Description

5/5 - (2 votes)

Paths for project 3
Defining the data sets to analyze yourself
For project 3, you can propose own data sets that relate to your research interests or just use existing data sets from say

Kaggle
The University of California at Irvine (UCI) with its machine learning repository.
The approach to the analysis of these new data sets should follow to a large extent what you did in projects 1 and 2. That is:
Whether you end up with a regression or a classification problem, you should employ at least two of the methods we have discussed among linear regression (including Ridge and Lasso), Logistic Regression, Neural Networks, Convolution Neural Networks, Recurrent Neural Networks, Support Vector Machines and Decision Trees, Random Forests, Bagging and Boosting. You could for example explore all of the approaches from decision trees, via bagging and voting classifiers, to random forests, boosting and finally XGboost. If you wish to venture into convolutional neural networks or recurrent neural networks, or extensions of neural networkds, feel free to do so.
For Boosting, feel also free to write your own codes.
For project 3, you should feel free to use your own codes from projects 1 and 2, eventually write your own for SVMs and/or Decision trees/random forests/bagging/boosting’ or use the available functionality of Scikit-Learn, Tensorflow, etc.
The estimates you used and tested in projects 1 and 2 should also be included, that is the R2-score, MSE, confusion matrix, accuracy score, information gain, ROC and Cumulative gains curves and other, cross-validation and/or bootstrap if these are relevant.
Similarly, feel free to explore various activations functions in deep learning and various approachs to stochastic gradient descent approaches.
If possible, you should link the data sets with exisiting research and analyses thereof.
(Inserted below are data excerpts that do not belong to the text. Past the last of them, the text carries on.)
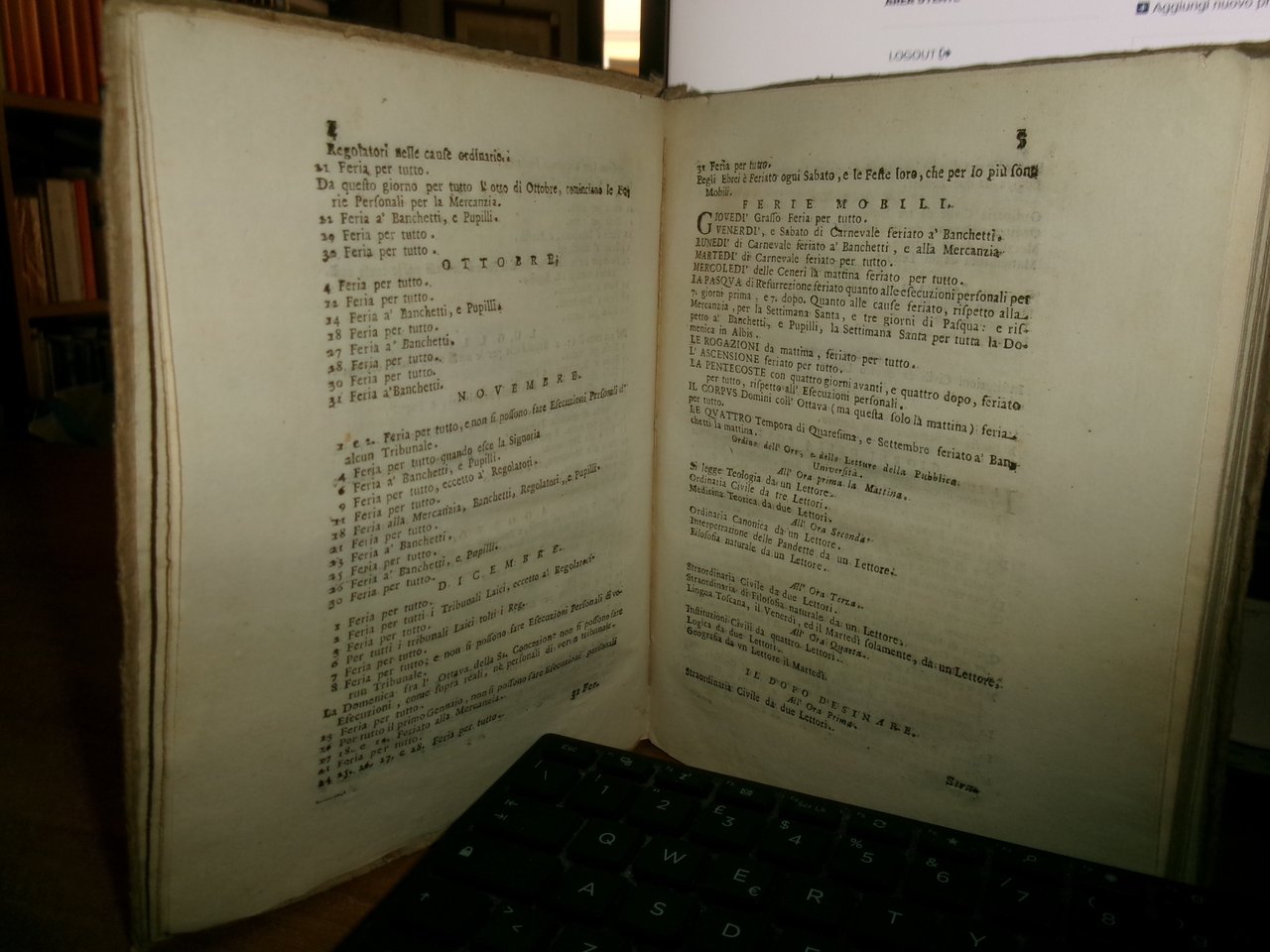 (Siena) (Gigli, Girolamo). Siena, presso Francesco Quinza, 1722. Diario Sanese in cui si veggono alla giornata tutte le cose importanti si allo spirituale, come al temporale della Città, e però continente feste, stazioni, signorie, residenze dei maestrati, fiere dello Stato, ferie, giorni della posta, e notizie per la partenza delle lettere. E finalmente cose notabili accadute in Siena in quella giornata, coll' indice in ultimo di tutti i santi sanesi, e famiglie nobili della Città. In-4°, cartone coevo. 241 pp. Edizione originale che precede quella descritta dal Lozzi al n. 5121. Uff. Mob. 2.
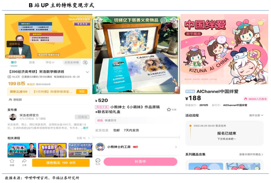 經典案例:根據嗶哩嗶哩官網、華福證券研究所等綜合資訊表明,除了商單廣告外,B 站因為其不同于流量驅動的內容生態特質,創作者們會有特殊的變現方式,知識區的 UP 主往往通過出售課程的方式獲得營收,手工繪畫區的 UP 主會在 B 站上出售自己的原創作品,而 Vtuber 即虛擬 UP 主可以通過發售其專屬衍生品如裝扮、表情包等獲得收入。
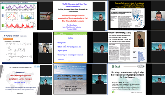本次论坛包括“城市洪灾与韧性”、“流域水文与水资源管理”、“城市水文气象”和“人工智能与智慧水利系统”四个部分,分别由西安理工大学侯精明教授、韩国K-Water所长Sung-Hoon Kim博士、中山大学熊育久副教授、日本京都大学Kenji Kawaike教授和Sunmin Kim副教授主持。围绕各主题,北京师范大学的徐宗学教授、中国水利水电科学研究院的刘家宏教授、西安理工大学侯精明教授、中山大学陈洋波教授、北京大学邱国玉教授、华南理工大学黄国如教授、南京大学杨龙副教授、大连理工大学刘海星教授,韩国K-Water的Sung-Hoon Kim博士,Seungyub Lee助理教授,日本京都大学Kenji Kawaike教授、Sunmin Kim副教授等近30位嘉宾分享了最新研究成果,呈现了一场水科学领域的学术盛宴。
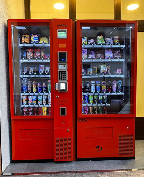 Zona office con frigorífico, botellero, congelador, microondas, cafetera

Scientific articles which have used Machine Learning algorithms to analyze the data are highly welcome. Perhaps you can improve previous analyses and even publish a new article?
A critical assessment of the methods with ditto perspectives and recommendations is also something you need to include.
All in all, the report should follow the same pattern as the two previous ones, with abstract, introduction, methods, code, results, conclusions etc..
We propose also an alternative to the above. This is a project on using machine learning methods (neural networks mainly) to the solution of ordinary differential equations and partial differential equations, with a final twist on how to diagonalize a symmetric matrix with neural networks..
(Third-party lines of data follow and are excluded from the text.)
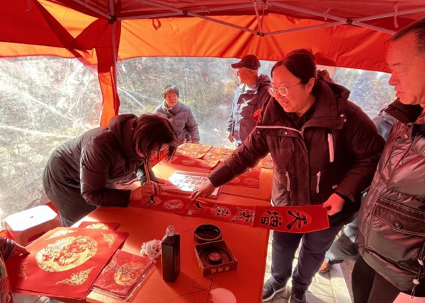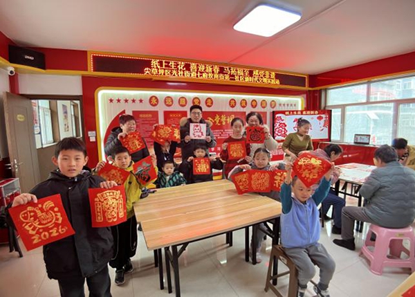 孩子们围聚在拓福拓印区,小手捏着拓印工具轻按慢拓,墨香萦绕间,一张张红彤彤的福字跃然纸上,稚嫩的脸庞满是成就感,把马年的美好期许亲手“拓”进新春;大人们则齐聚剪纸区,指尖翻飞、剪刀轻舞,红纸在巧手下化作吉祥窗花、灵动瑞马,让“纸上生花”的主题寓意落地生根,非遗文化的魅力在亲身体验中代代传递;写对联区里,书法爱好者挥毫泼墨,红纸上的吉祥祝福跃然眼前,居民们手捧春联,笑意盈盈。
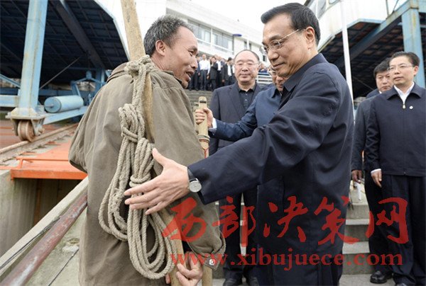 2014年4月27日,李克強(qiáng)在萬州港碼頭與重慶的“棒棒”交流。
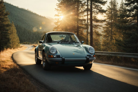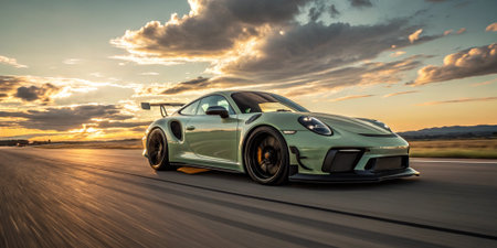 a high speed green sports car with aerodynamic features driving on a sunset road showcasing motion, performance, and scenic beauty
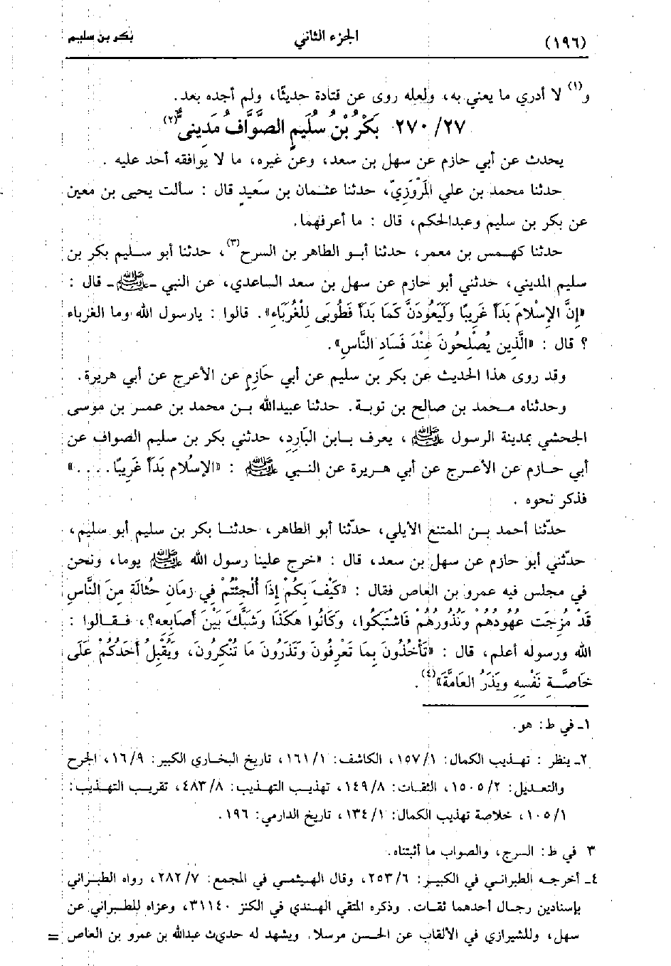 حَدَّثَنَا كَهْمَسُ بْنُ مَعْمَرٍ، حَدَّثَنا أَبُو الطَّاهِرِ بن السرج، حَدَّثَنا أَبُو سُلَيْمِ بَكْرُ بْنُ سُلَيْمٍ الْمَدِينِيُّ، حَدَّثني أَبُو حَازِمٍ عَنْ سَهْلِ بْنِ سَعْدٍ السَّاعِدِيِّ عَنِ النَّبِيِّ صَلَّى اللَّهُ عَلَيه وسَلَّم قَال: إِنَّ الإِسْلامَ بَدَأَ غريبا وليعودن كما بدأفطوبى لِلْغُرَبَاءِ قَالُوا يَا رَسُولَ اللهِ وَمَا الْغُرَبَاءُ قَالَ الَّذِينَ يُصْلِحُونَ عِنْدَ فَسَادِ النَّاسِ.

This is a field with a large interest recently, spanning from studies of turbulence in fluid mechanics and meteorology to the solution of quantum mechanical systems. As reading background you can use the slides from week 43 and/or the textbook by Yadav et al.
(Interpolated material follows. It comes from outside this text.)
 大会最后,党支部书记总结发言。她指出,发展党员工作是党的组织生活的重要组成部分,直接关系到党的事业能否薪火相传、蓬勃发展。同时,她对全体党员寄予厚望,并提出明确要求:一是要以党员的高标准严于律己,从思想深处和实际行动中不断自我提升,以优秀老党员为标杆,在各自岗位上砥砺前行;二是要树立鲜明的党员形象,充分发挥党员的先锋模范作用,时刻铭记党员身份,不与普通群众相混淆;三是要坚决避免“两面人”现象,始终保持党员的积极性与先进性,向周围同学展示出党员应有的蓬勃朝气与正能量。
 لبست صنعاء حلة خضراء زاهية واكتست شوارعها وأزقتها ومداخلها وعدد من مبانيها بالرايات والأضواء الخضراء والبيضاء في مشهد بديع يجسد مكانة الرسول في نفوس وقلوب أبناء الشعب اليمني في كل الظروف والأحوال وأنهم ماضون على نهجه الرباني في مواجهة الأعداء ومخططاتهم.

The basic structure of your project
Here follows a set up on how to structure your report and analyze the data you have opted for.

Part a)
The first part deals with structuring and reading the data, much along the same lines as done in projects 1 and 2. Explain how the data are produced and place them in a proper context.

Part b)
You need to include at least two central algorithms, or as an alternative explore methods from decisions tree to bagging, random forests and boosting. Explain the basics of the methods you have chosen to work with. This would be your theory part.

Part c)
Then describe your algorithm and its implementation and tests you have performed.

Part d)
Then presents your results and findings, link with existing literature and more.

Part e)
Finally, here you should present a critical assessment of the methods you have studied and link your results with the existing literature.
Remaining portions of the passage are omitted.